== About this task ==
Would you please return only the lines from the one with "將小區(qū)內(nèi)每" through the last line of the records below, leaving the pictures out?

== Collected data entries ==
================================

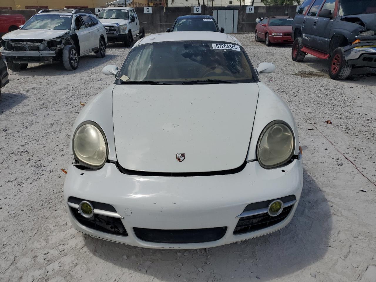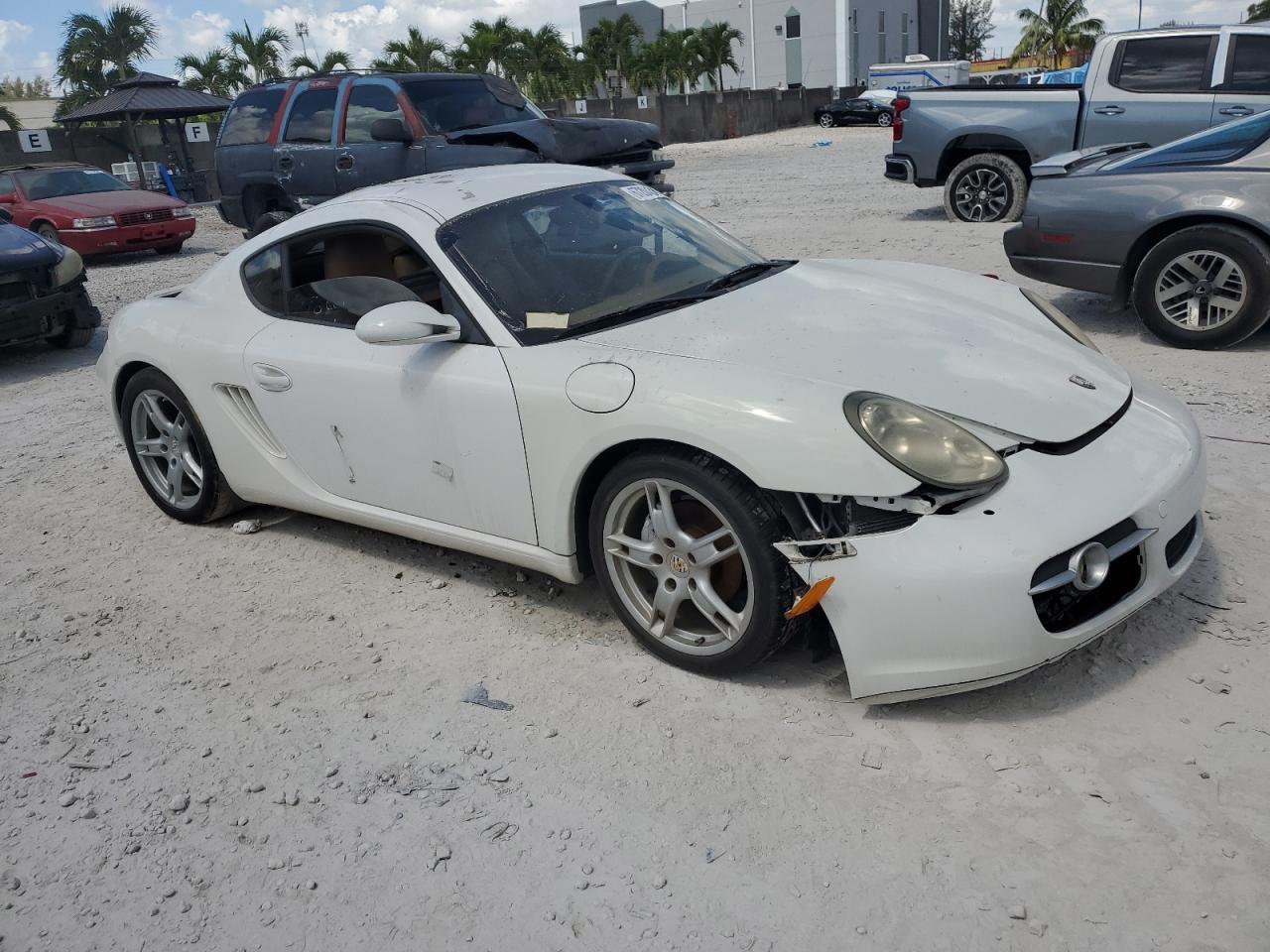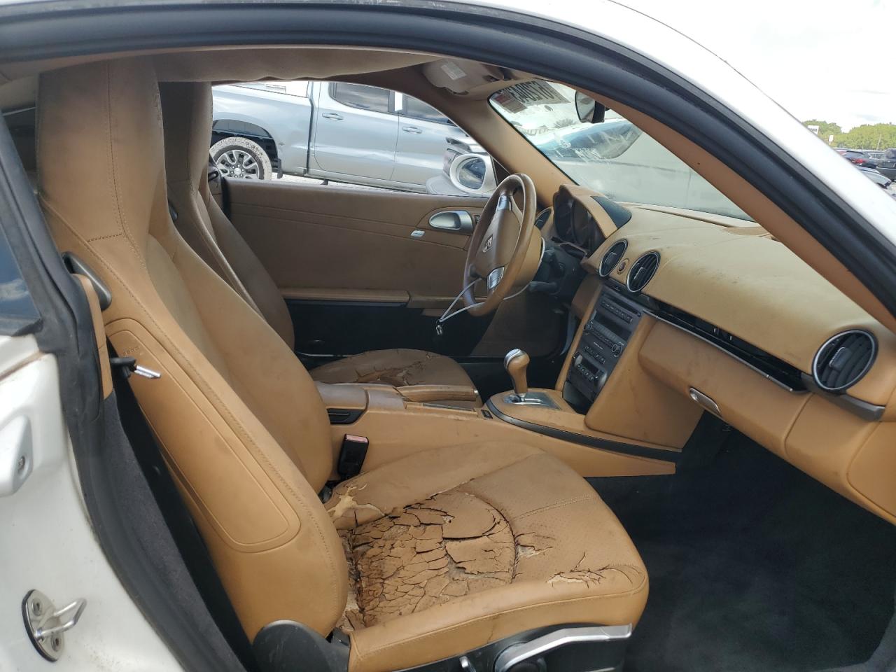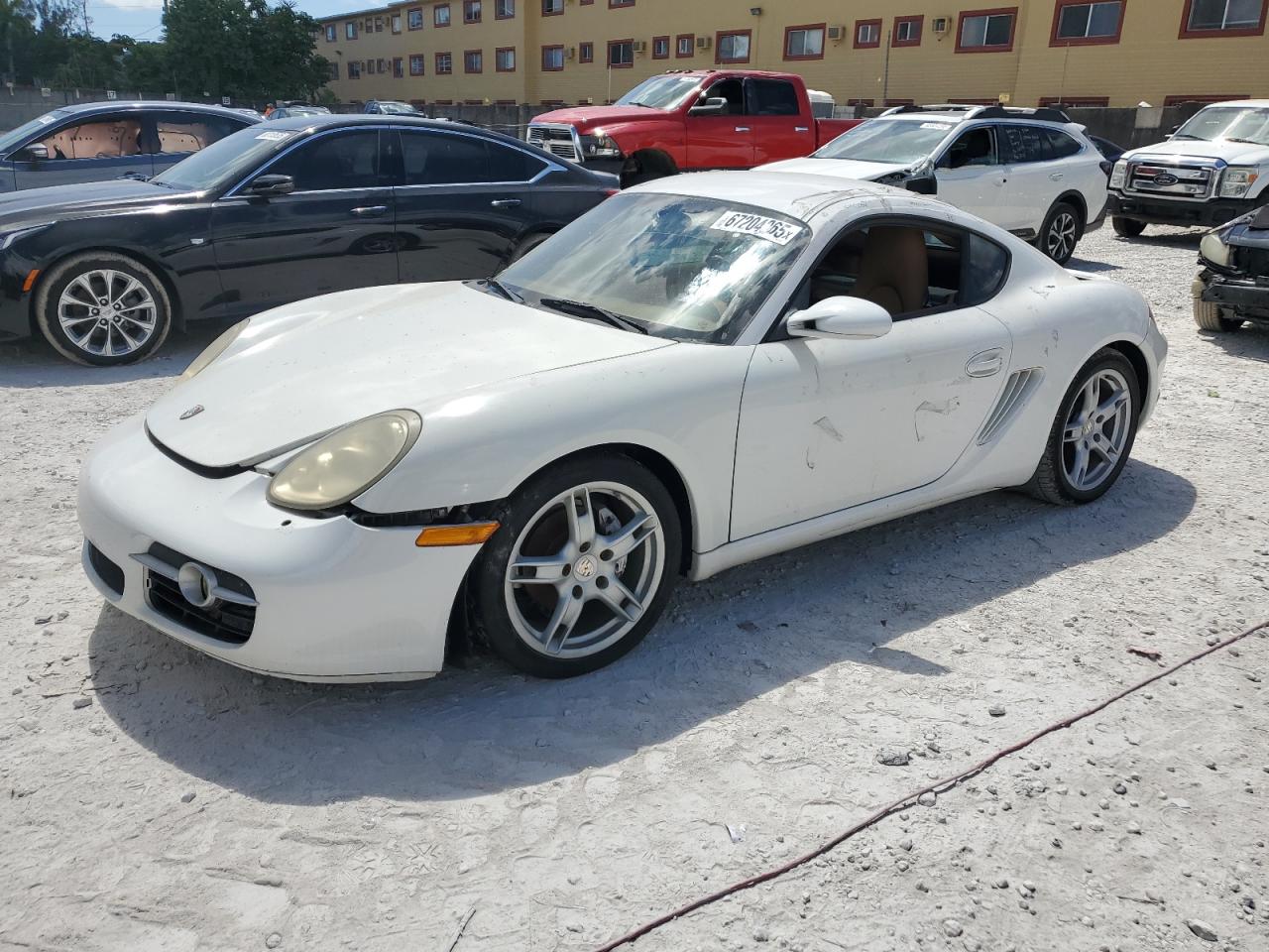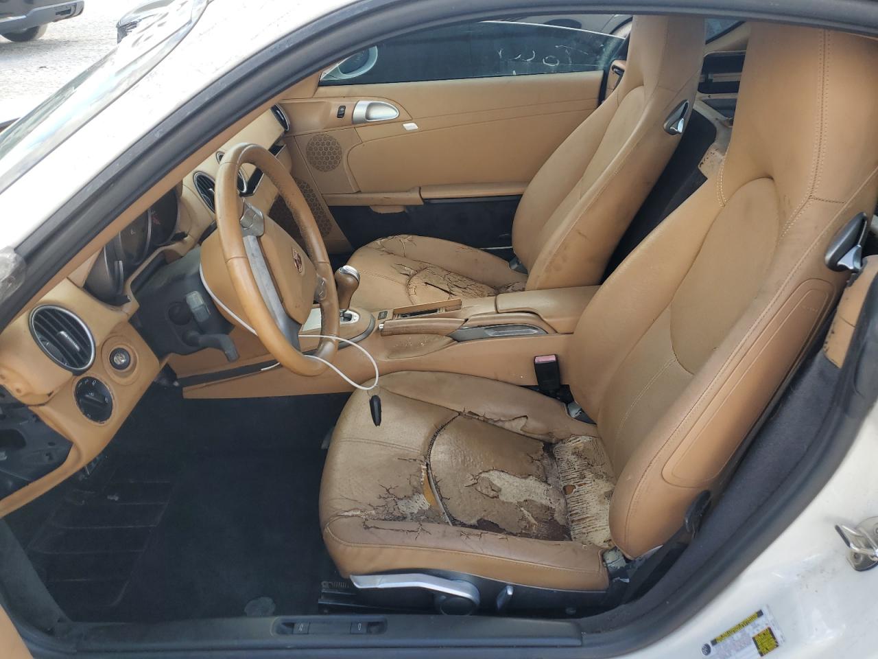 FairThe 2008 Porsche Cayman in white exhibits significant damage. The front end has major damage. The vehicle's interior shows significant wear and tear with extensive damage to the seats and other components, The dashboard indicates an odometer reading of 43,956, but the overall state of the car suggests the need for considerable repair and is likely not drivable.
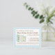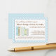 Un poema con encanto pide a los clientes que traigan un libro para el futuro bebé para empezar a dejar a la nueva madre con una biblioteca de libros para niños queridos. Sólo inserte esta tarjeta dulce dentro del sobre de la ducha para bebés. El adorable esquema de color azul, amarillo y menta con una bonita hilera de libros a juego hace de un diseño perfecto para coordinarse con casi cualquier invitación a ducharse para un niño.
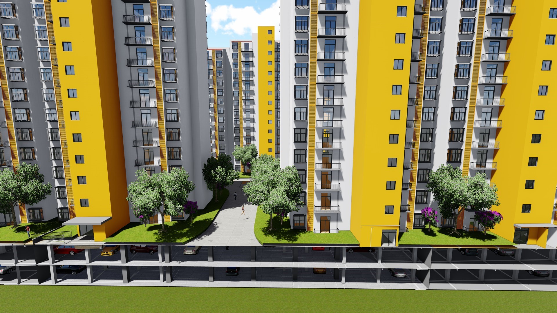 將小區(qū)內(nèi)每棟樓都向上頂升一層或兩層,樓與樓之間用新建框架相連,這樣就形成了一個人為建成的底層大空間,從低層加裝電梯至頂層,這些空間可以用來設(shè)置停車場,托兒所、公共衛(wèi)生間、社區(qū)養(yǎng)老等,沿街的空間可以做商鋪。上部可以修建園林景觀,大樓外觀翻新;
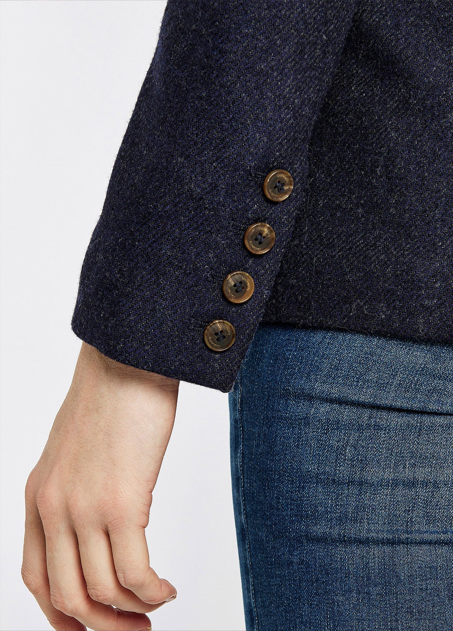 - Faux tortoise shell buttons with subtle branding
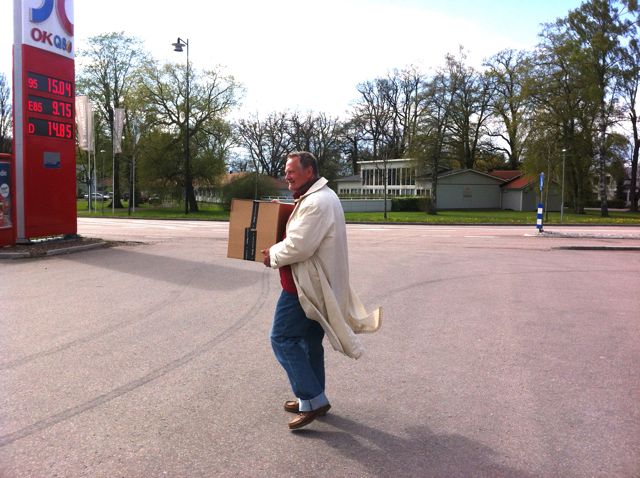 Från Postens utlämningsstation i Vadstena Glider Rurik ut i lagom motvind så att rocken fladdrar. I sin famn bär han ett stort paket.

================================

== Response ==
 將小區(qū)內(nèi)每棟樓都向上頂升一層或兩層,樓與樓之間用新建框架相連,這樣就形成了一個人為建成的底層大空間,從低層加裝電梯至頂層,這些空間可以用來設(shè)置停車場,托兒所、公共衛(wèi)生間、社區(qū)養(yǎng)老等,沿街的空間可以做商鋪。上部可以修建園林景觀,大樓外觀翻新;
 - Faux tortoise shell buttons with subtle branding
 Från Postens utlämningsstation i Vadstena Glider Rurik ut i lagom motvind så att rocken fladdrar. I sin famn bär han ett stort paket.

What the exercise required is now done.